Energy Star changes

Energy Star has undergone a significant revision effective October 2007.

02/15/2008


Energy Star, the national energy performance rating system sponsored by the U.S. Environmental Protection Agency (EPA), has undergone a significant revision effective October 2007. Commercial building owners and property managers who previously struggled with a low Energy Star score might be pleasantly surprised by recent changes in the rating calculations.

Prior to the October 2007 revision, LKPB Engineers Inc. (LKPB) noticed that buildings with attached parking garages received lower ratings than their counterparts without parking garages. Further investigation revealed that the presence of a parking garage resulted in a significant deterioration in a building’s Energy Star rating. For the same inputted energy, larger square footage (building plus parking ramp) resulted in a lower rating than just the building alone.

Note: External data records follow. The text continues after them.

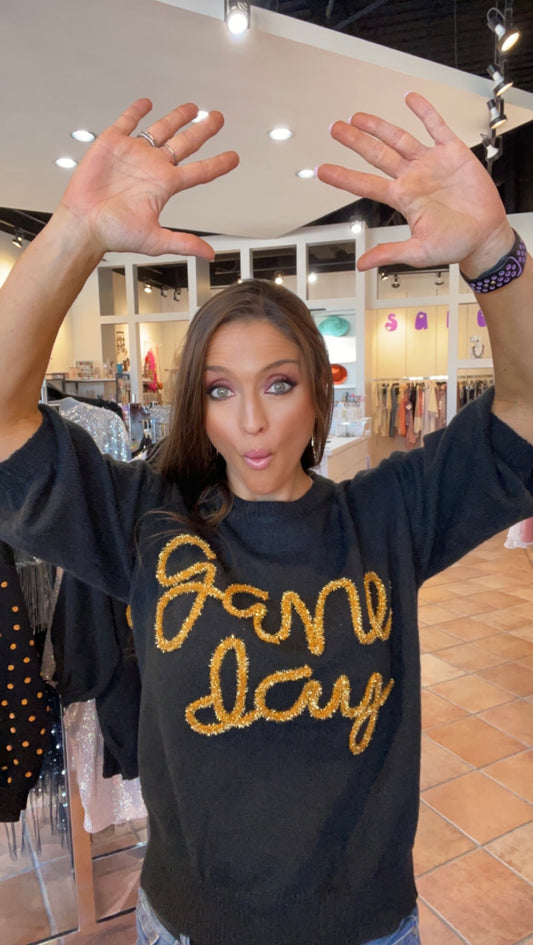 BLACK AND GOLD GAME DAY METALLIC LETTER SHORT PUFF SLEEVE SWEATER
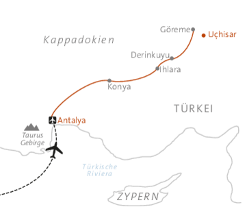 Im Herzen Anatoliens liegt die zu Stein gewordene Wunderwelt Kappadokien – eine Landschaft wie aus einem Traum geformt: konische Felsformationen, enge Schluchten, phantasievolle Türme und tiefe Höhlen. Im Grunde genommen wandern wir auf dem Boden eines großen Sees, dessen Wasser vor Tausenden von Jahren abfloss. Hier haben Menschen Höhlenwohnungen, Vorratskammern und Kirchen gebaut. Besonders beeindruckend ist die unterirdische Stadt Derinkuyu, die mehrere Stockwerke tief in den Boden gegraben wurde. Wir tauchen ein in diese Wunderwelt – Eindrücke, die wir nie vergessen werden!
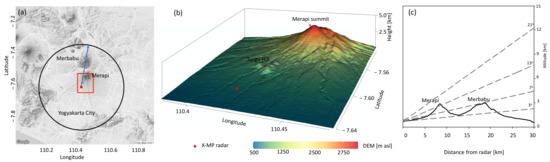 Left panel (a) is a fixed observation area of the PPI scan mode. Centre panel (b) is the 3D view of surface topography of the red square area in (a). Right panel (c) is the vertical profile of radar scan and topography, extracted along the blue arrow in (a). Identified in (a) are locations of Yogyakarta city, Merapi, and Merbabu. The locations of Turgo hill and Merapi summit are pointed by red arrows in (b) and the X-MP radar site is indicated by a red dot in (a,b).
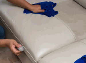 After the cleaning process, apply a leather conditioner to the couch to restore the leather surface, keeping it supple and preventing future damage.
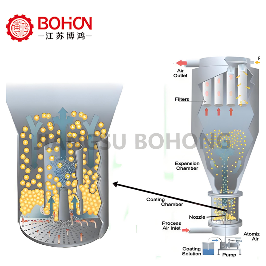 产品简介:The FPCG Series Fluidized Bed Granulation and Coating Machine is an advanced equipment independently designed and manufactured by Jiangsu Bohong, specifically developed for granulation and coating processes in the pharmaceutical and chemical industries.
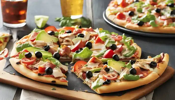 California Chicken Club Pizza is a fresh and flavorful twist on the classic club sandwich, transformed into a delicious pizza. With a base of creamy ranch sauce, this pizza is topped with juicy chicken, crispy bacon, ripe avocado slices, and a blend of mozzarella and cheddar cheese. The combination of savory chicken and bacon with the creamy avocado and tangy ranch creates a perfect harmony of flavors. This pizza is a fun, crowd-pleasing meal that’s perfect for family dinners or casual gatherings.

When brought to the attention of the EPA technical staff, they reviewed their rating system and promised to resolve the issue in their October 2007 revision. From LKPB’s preliminary test cases, it appears that the problem has been corrected. As one example, September calculations on a Bloomington, Minn., office tower resulted in an Energy Star rating of 65. Recalculations in December resulted in an Energy Star rating of 85. The tower previously fell short of the 75 threshold, but now qualifies for the Energy Star designation.

In other examples, other Minneapolis-area buildings are now Energy Star rated:
* Normandale Lakes Office Park, Bloomington, Minn.,

* The Minnesota Center, another office tower in Bloomington, previously did not qualify for Energy Star,

* The Colonnade, a tower located in Golden Valley,

Building owners and property managers with commercial buildings that have attached parking garages should be encouraged to resubmit their Energy Star data as soon as possible to see if their rating improves.

The Energy Star rating system continues to be based on data from the Commercial Building Energy Consumption Survey (CBECS). This survey sample of more than 6,000 buildings across the United States is conducted every four years by the United States Department of Energy’s Energy Information Administration. The survey collects complete billing data and operational details for a wide variety of commercial building types.

A common misconception is that Energy Star performance ratings are based on information from other buildings that apply for the Energy Star rating through its on-line Portfolio Manager. The rating is actually based solely on the data collected by the CBECS and the aforementioned formula.